= Death in a Tenured Position =

1981 mystery novel by Amanda Cross

Death in a Tenured Position, winner of the Nero Award, is a mystery novel that is part of the Kate Fansler series written by Carolyn Gold Heilbrun under the pen name Amanda Cross. When Kate's acquaintance and colleague, Janet Mandelbaum, is found dead after given tenure in the English department at Harvard University, Kate investigates the circumstances surrounding Janet's death. Through multiple twists and turns, Kate is able to find the shocking truth to what happened to Janet.

==Plot==
The year is 1979, and Janet Mandelbaum has just been given tenure in the English department at Harvard University. Although Janet is excited, many of her male colleagues seem to be dissatisfied with Janet's recent award. Soon after her award, Janet's old friend Kate Fansler comes to work at Harvard and is able to give support to her friend. While there, Kate encounters her old friend Moon Mandelbaum, Janet's ex-husband, and meets other professors in the English Department. Kate learns through her new colleagues that Janet is not fitting in well at the university. In fact, many people find Janet too strange and unlikable.

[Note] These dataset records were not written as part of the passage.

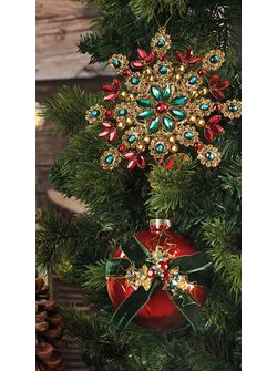 Fiocco di neve appendibile con gemme oro/verde/rosso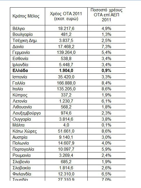 Εντύπωση προκαλεί το γεγονός ότι, όπως και το 2010, οι πλέον εύρωστες οικονομίες της Ευρώπης παρουσιάζουν υψηλά ποσοστά δανεισμού των ΟΤΑ, ως ποσοστό του ΑΕΠ. Έτσι, τα υψηλότερα ποσοστά εμφανίζουν η Ιταλία και η Ολλανδία με 8,6%, η Γαλλία με 8,4%, η Δανία με 7,3%, η Σουηδία με 7%, η Φινλανδία με 6,5% και η Γερμανία με 5,4%. Τα χαμηλότερα ποσοστά από την άλλη, παρουσιάζουν η Μάλτα με 0,1%, η Ελλάδα με 0,9%, η Βουλγαρία με 1,3%, η Λιθουανία με 1,8%, η Κύπρος και η Σλοβενία με 1,9%, κλπ.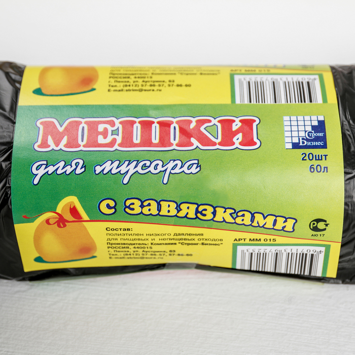 Мешки для мусора с завязками 60 л, толщина 14 мкм, в рулоне 20 шт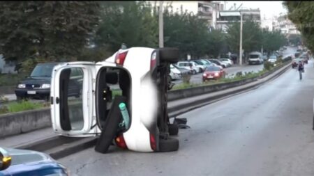 Σοβαρό τροχαίο ατύχημα σημειώθηκε το πρωί της Παρασκευής (31/10) στην οδό Αγίων Πάντων, στη Θεσσαλονίκη, όταν ένα Ι.Χ. αυτοκίνητο ανετράπη στη μέση του δρόμου, προκαλώντας αναστάτωση στους διερχόμενους οδηγούς και προσωρινό μπλόκο στην κυκλοφορία.

After an incident when Janet was found in a bathtub, presumably drunk, Janet becomes embarrassed and both Moon and Kate notice the change in her mood. As her friend, Kate hopes that this situation does not harm Janet's credibility at the university, although she finds that many of the professors no longer care for Janet. Although Kate defends Janet, it is no use. Many people ridicule Janet and seem to have no desire to get to know her better.

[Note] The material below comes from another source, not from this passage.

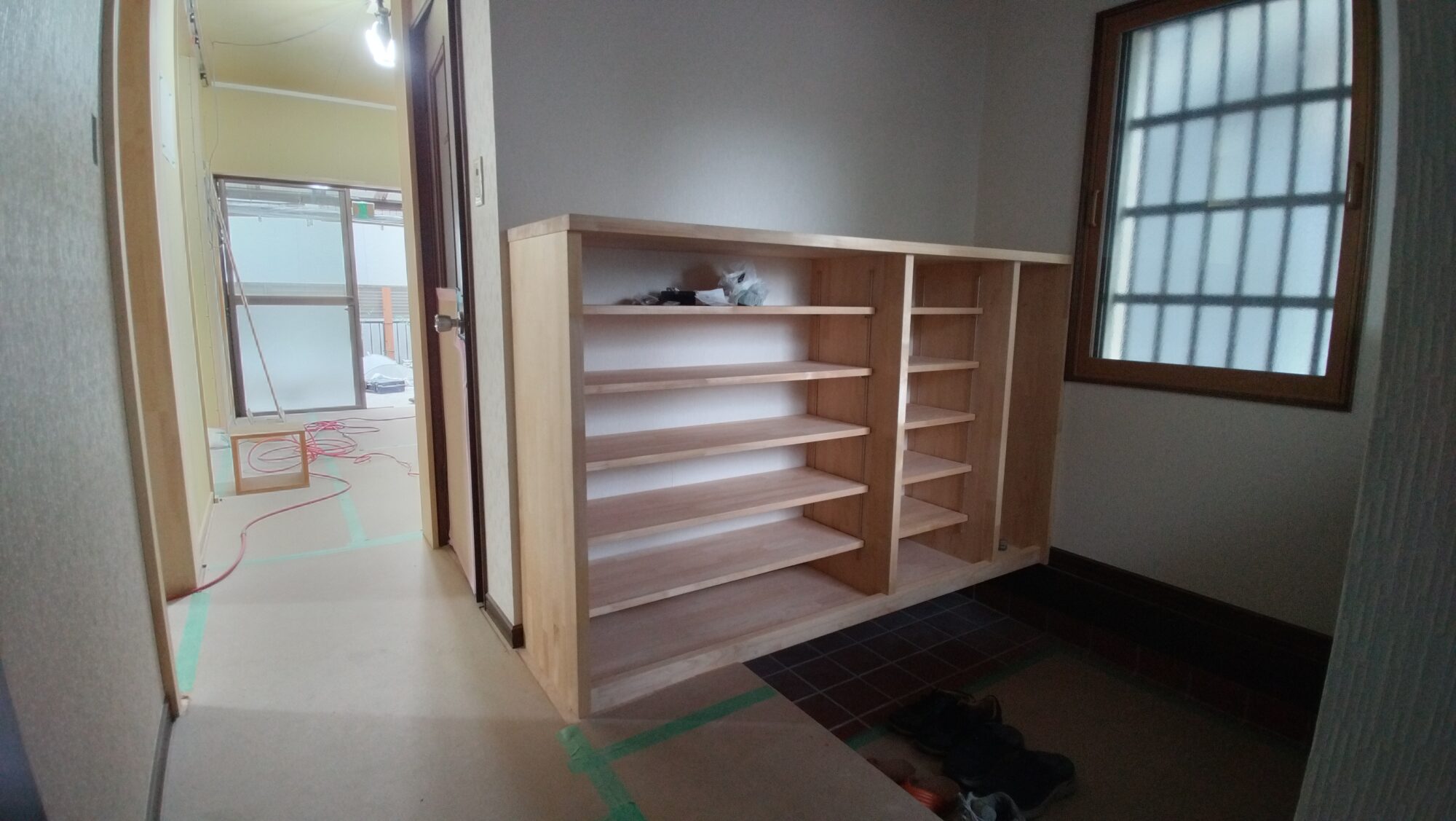新築と違って、床や壁が必ずしも水平・垂直ではないところ、調整しつつ、

One day while Kate is in her office, she receives a phone call from Professor Clarkville (another member of the English department). Clarkville explains to Kate that he has found Janet dead in the men's restroom. Immediately the question is "Was Janet killed by a fellow professor"? Kate seems skeptical of this idea because she knew that other than not being liked, no one had anything to gain from Janet's death. Kate decides that she is going to investigate this peculiar death. One of the first few pieces she learns is that Janet death was caused from cyanide and Janet's body was moved to the men's restroom after her death; but where and when she actually died is still a mystery to Kate and the police.

Kate then visits Professor Clarkville to further discuss the situation. To her surprise, Clarkville explains that he did not know of Janet much before finding her in the men's restroom. He also says that he did not think that Janet should have come to Harvard. Immediately Kate becomes very leery of Clarkville and his confessions to Kate.

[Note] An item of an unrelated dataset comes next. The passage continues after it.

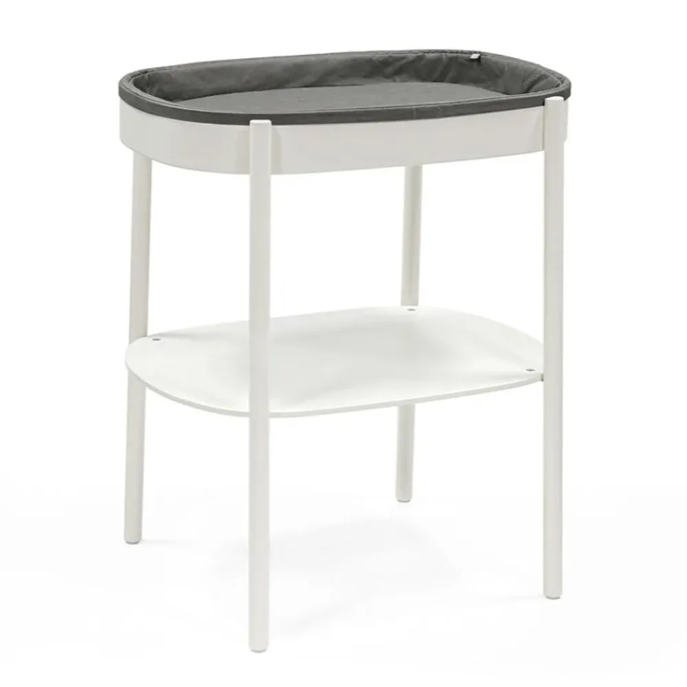 Det ovale stellebordet! Stokke® Sleepi™ Stellebordet gir god plass til foreldrenes føtter under, og kommer i en ideell høyde for å skifte på barnet på den medfølgende myke stellemadrassen. Stokke® Sleepi™ Stellebordet er både allsidig og stilrent, og har en stor hylle for praktisk oppbevaring.

Back at her office, Kate is contemplating all the different circumstances surrounding Janet's death. While she is working, she receives a phone call from Moon. Moon tells Kate he is in jail under the charges of murder for Janet's death, but assures Kate he is not responsible for what happened. Moon reveals that he did have possession of cyanide long ago, but tells Kate that it is locked away in a safe back in Minneapolis.

Kate now has three suspects for Janet's death: Clarkville, Moon, and Luellen May (a fellow professor who found Janet passed out in the bathtub at a party). After a visit from Janet's brother and a tour of Janet's old apartment, Kate begins to put some ideas together about what really happened to Janet. Kate then visits with Clarkville once more to discuss his finding of Janet's body. In the meeting, Clarkville explains that the last time anyone had seen Janet alive was in the department meeting. During the meeting, Janet had become hysterical about an issue that caused a lot of tension in the room. Kate then gets Clarkville to admit to moving Janet's body to the men's room for her to be 'discovered'. Clarkville explains that he had originally found Janet in the chairman's office dead and decided to move her to a restroom (the men's room was the closest) and reported finding her there. Kate then is granted access to Janet's office at the university and finds a poem that she believes is the biggest clue to Janet's death.

Kate finally proposes to Moon's lawyer, John Cunningham, that Janet's death was a suicide over a dinner at the Locke-Ober restaurant. Kate reveals that Janet stole the cyanide from Moon and after the amount of stress and tension Janet had endured at the university, she decided to end her own life.

==Main characters==
Kate Fansler

Janet Mandelbaum

Moon Mandelbaum

Professor Clarkville

John Cunningham

Sylvia

== Themes ==
One of the major themes in the novel is feminism and discrimination against women. Carolyn Gold Heilbrun herself was a professor in the English department at Columbia and she says that she experienced many instances of discrimination during her career. The book itself shows Janet's own struggle with discrimination as a female professor. Heilbrun is notable for writing themes about feminism in her novels. This one shows feminism through her character Kate Fansler. Kate is a successful and independent professor and amateur detective. Kate can be found as the main character in other books by Heilbrun. There are fourteen other mystery novels in the Kate Fansler mystery series.

==Reception==
The review in The Boston Phoenix called the novel "a non-polemical attack on academia that is written with wit and style."